▶ [RECORDS TO PROCESS]
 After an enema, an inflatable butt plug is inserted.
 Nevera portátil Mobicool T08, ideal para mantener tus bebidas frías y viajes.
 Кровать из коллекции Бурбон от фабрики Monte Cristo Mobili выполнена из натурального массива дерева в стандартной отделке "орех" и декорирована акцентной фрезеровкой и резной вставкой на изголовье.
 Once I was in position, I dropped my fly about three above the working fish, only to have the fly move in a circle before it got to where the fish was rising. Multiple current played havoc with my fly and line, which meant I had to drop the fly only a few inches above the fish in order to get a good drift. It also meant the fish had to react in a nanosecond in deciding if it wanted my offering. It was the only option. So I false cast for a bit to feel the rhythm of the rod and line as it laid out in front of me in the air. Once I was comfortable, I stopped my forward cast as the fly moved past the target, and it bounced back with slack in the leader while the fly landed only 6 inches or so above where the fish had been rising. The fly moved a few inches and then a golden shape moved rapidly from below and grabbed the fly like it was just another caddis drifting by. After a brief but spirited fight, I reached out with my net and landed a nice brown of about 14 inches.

--

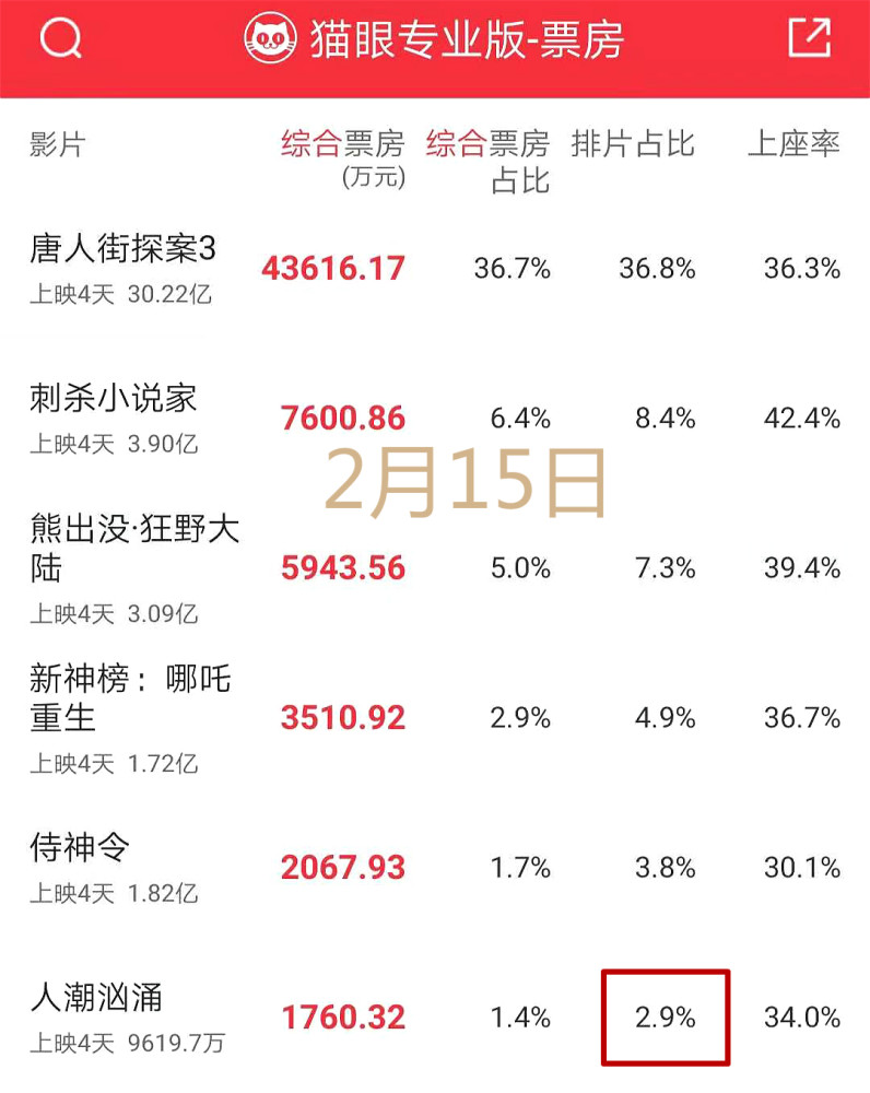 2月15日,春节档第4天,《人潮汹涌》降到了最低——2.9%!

==

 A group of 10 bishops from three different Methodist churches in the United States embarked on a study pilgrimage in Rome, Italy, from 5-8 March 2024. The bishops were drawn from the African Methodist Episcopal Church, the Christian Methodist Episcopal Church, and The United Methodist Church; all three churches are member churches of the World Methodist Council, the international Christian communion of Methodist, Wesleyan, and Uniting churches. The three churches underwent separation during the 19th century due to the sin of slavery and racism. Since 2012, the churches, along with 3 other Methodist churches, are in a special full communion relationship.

▶ [INSTRUCTIONS FOR THE TASK] Restate word for word the entries above from the line with "Кровать из коллекции" through the line with "Once I was in", inclusive, leaving out everything else.

▶ [PROBLEM SOLUTION]
 Кровать из коллекции Бурбон от фабрики Monte Cristo Mobili выполнена из натурального массива дерева в стандартной отделке "орех" и декорирована акцентной фрезеровкой и резной вставкой на изголовье.
 Once I was in position, I dropped my fly about three above the working fish, only to have the fly move in a circle before it got to where the fish was rising. Multiple current played havoc with my fly and line, which meant I had to drop the fly only a few inches above the fish in order to get a good drift. It also meant the fish had to react in a nanosecond in deciding if it wanted my offering. It was the only option. So I false cast for a bit to feel the rhythm of the rod and line as it laid out in front of me in the air. Once I was comfortable, I stopped my forward cast as the fly moved past the target, and it bounced back with slack in the leader while the fly landed only 6 inches or so above where the fish had been rising. The fly moved a few inches and then a golden shape moved rapidly from below and grabbed the fly like it was just another caddis drifting by. After a brief but spirited fight, I reached out with my net and landed a nice brown of about 14 inches.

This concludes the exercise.